By Dennis Sadowski
As a kid, José Mora would travel around Puerto Rico with his father, a broker conducting business with countless customers across the U.S. territory.
Mora’s father introduced him to stamp collecting at age 12 and during the travels he got to meet interesting people and see various versions of everyday life while picking up a few stamps along the way.
Then an idea struck: Why not stop at the post offices in the towns and villages they visited and collect postmarks?
“I realized it was a good way to learn about geography and history,” Mora said of his interest in local postal markings Oct. 17 during the 63rd convention of the Post Mark Collectors Club at the National Postmark Museum on the grounds of Historic Lyme Village in Bellevue, an easy 32-mile drive from Elyria.
For Mora, 55, now of Berea, Kentucky, it was his first convention and first visit to the museum. A club member for 24 years, Mora came away impressed. With nearly 2 million postmarks, research resources, postal paraphernalia and photos of post offices, there’s a lot to see.

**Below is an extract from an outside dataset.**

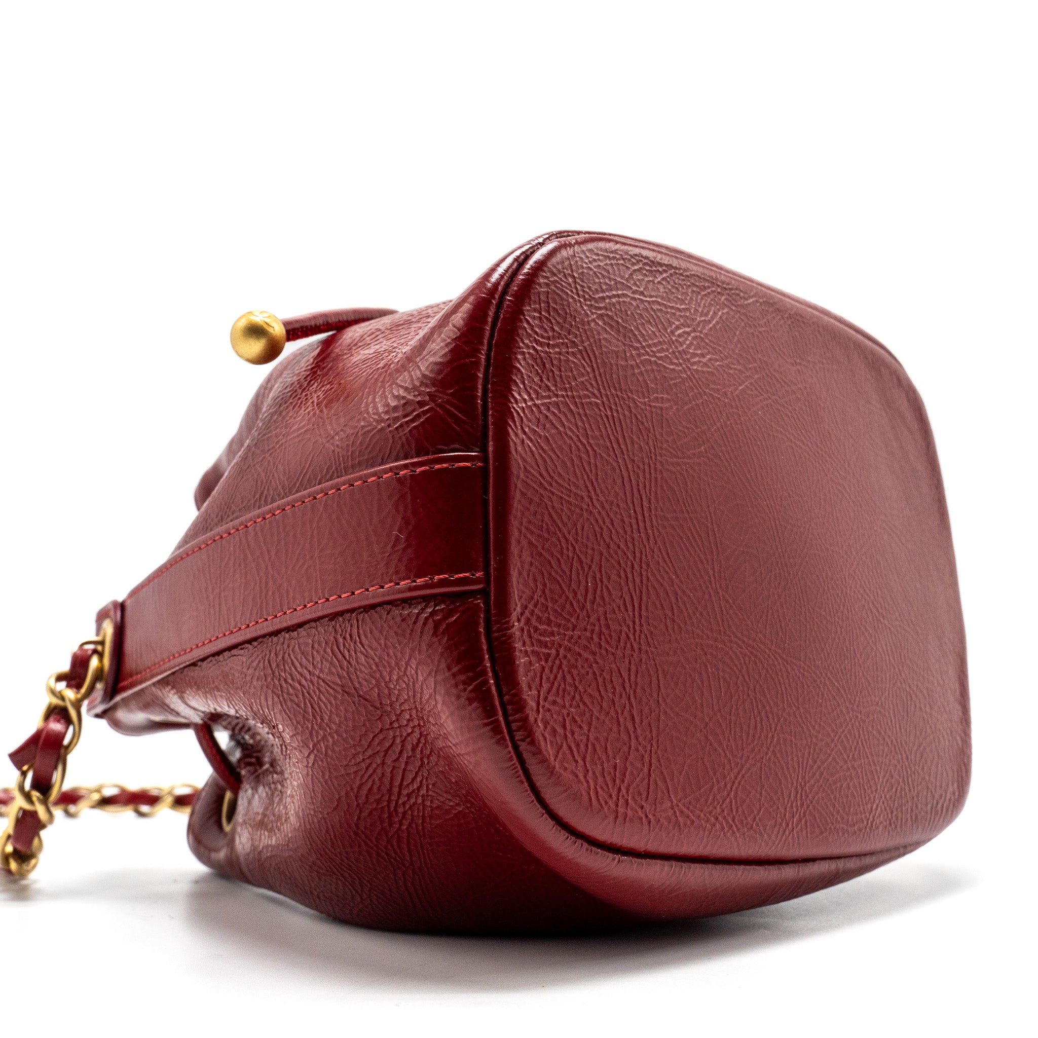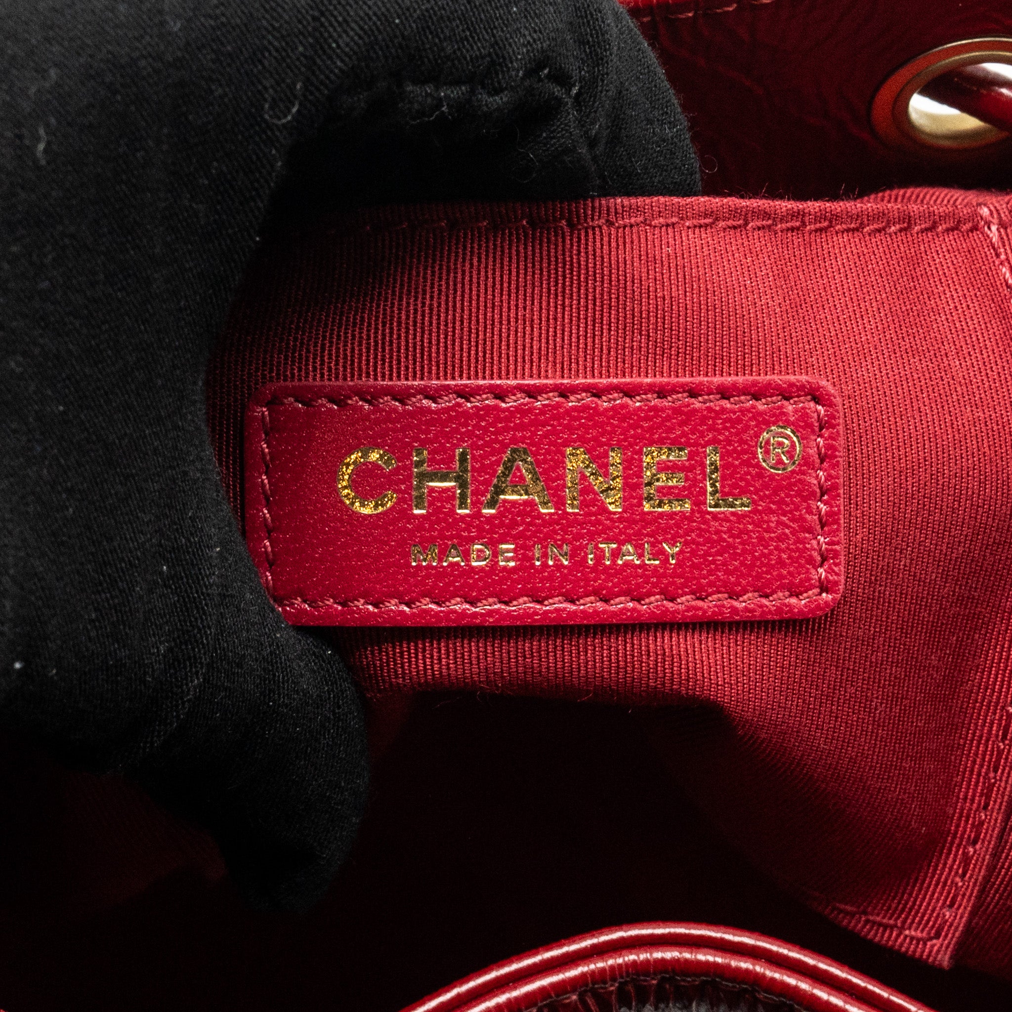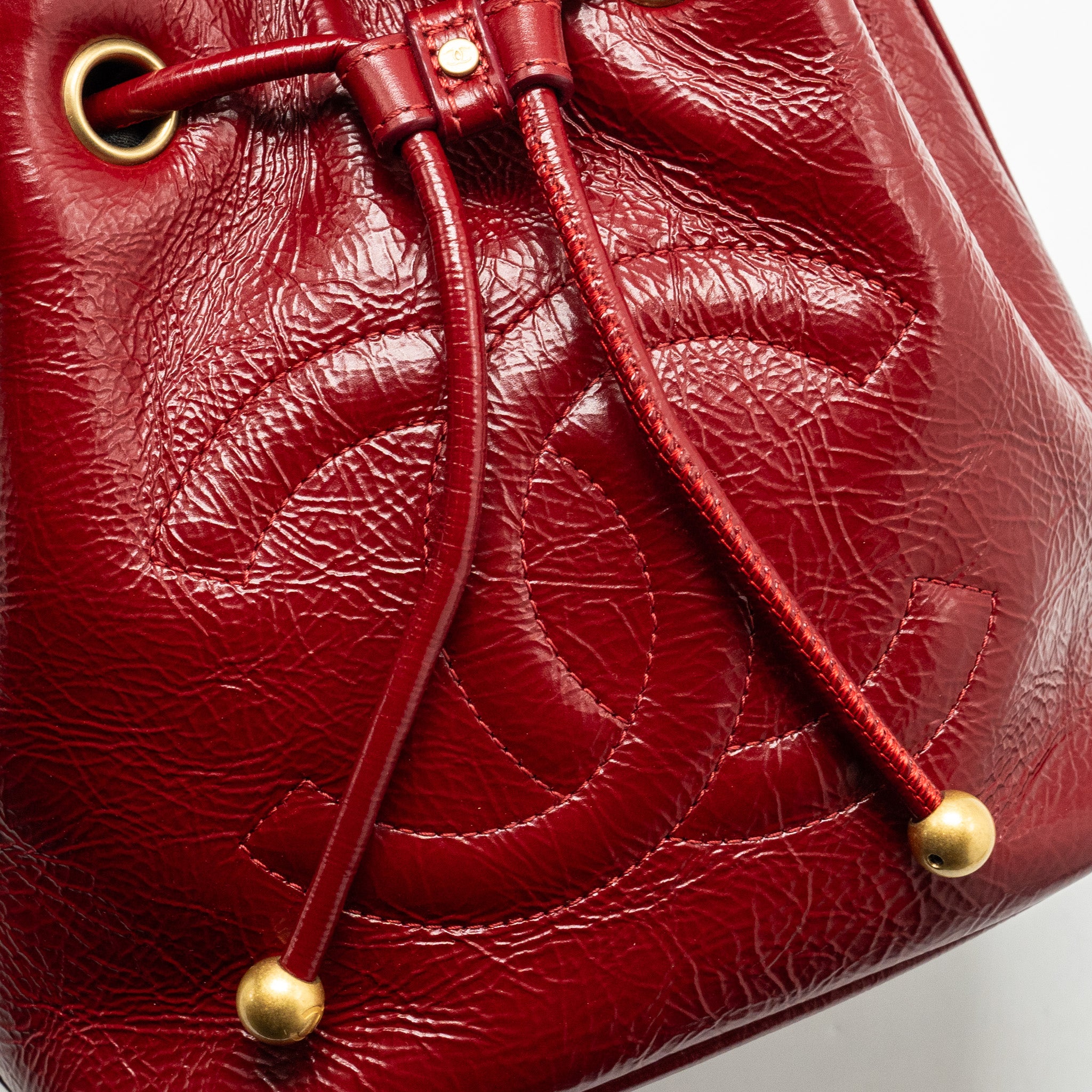 Chanel CC Drawstring Mini Bucket Bag Shiny Aged Calfskin Red GHW

Mora’s collection includes hundreds of items from the U.S., Puerto Rico and Southeast Asia including Cambodia, where for 13 years he was a professor and chair of global affairs at the American University of Phnom Penh and a church missionary. He returned to the U.S. in May.
In Cambodia, he visited each of the country’s estimated 40 post offices to obtain a postmark. Almost every stop, he said, led to discoveries about events and people who create the story of humanity.

post offices to obtain postmarks. He estimates he has visited 12,000 post offices in the
U.S.
Convention attendee Evan Kalish, 38, of Queens, New York, holds the same fascination with postmarks. He was introduced to stamp collecting by his father, who began the hobby in the 1960s. On family vacations, Kalish and his father would stop at post offices to get a postmark. At first the young Kalish was hardly impressed.
“I found it completely uninteresting because I wanted to play mini-golf,” he said.
By 2008, when Kalish was in college, things changed. He began taking photos of post offices, and other buildings, to document architectural styles. It led him to obtain postmarks when he visited.
During the three months after college graduation Kalish traveled 13,000 miles and visited 250 post offices. “It grew on me,” he said of his collecting interest.
Now he plans road trips around post office locations. He uses large foldout roadmaps to plot trips, looking for backroads that pass through small towns where a post office is located. At home he has a map marked with pushpins to indicate where he has been.
Kalish estimated that he has visited more than 12,000 post offices in all 50 states, Puerto Rico and the U.S. Virgin Islands. On the trip to Bellevue Kalish made the rounds in central Pennsylvania to catch additional postal markings for his collection.
“The experiences I had at the post offices made it worthwhile,” said Kalish, the club’s webmaster. “I talked with longtime postmasters. They tell the history of the town. Also it’s the fact that I get to see different places and document a snapshot in time.”
The convention drew about 30 people from across the country. Most are longtime club members who attend the convention almost every year. Members traveled from Delaware, Florida, Missouri, North Carolina and elsewhere.
The gathering coincided with the semiannual museum work week during which members file postmarks alphabetically and chronologically by town and by state and even many counties.
Robert Slater, 75, of Millsboro, Delaware, is among those who try to attend the convention every year. Studying postmarks gives him a window into “a history of Americana.”
“Mail shows communications between Americans have been in the past and how they are now. These postmarks and pieces of mail are the history of that,” said Slater, who worked as a postal clerk on the aircraft carrier USS Independence while serving in Navy. He went on to work for the U.S. Postal Service for 37 years in Fairfax County, Virginia.
The postmark museum is open for tours during the afternoons of the first and third Wednesdays of each month. The Fire Lands Stamp Club meets at the museum the same evenings. Information about the club and the museum is online at www.postmarks.org.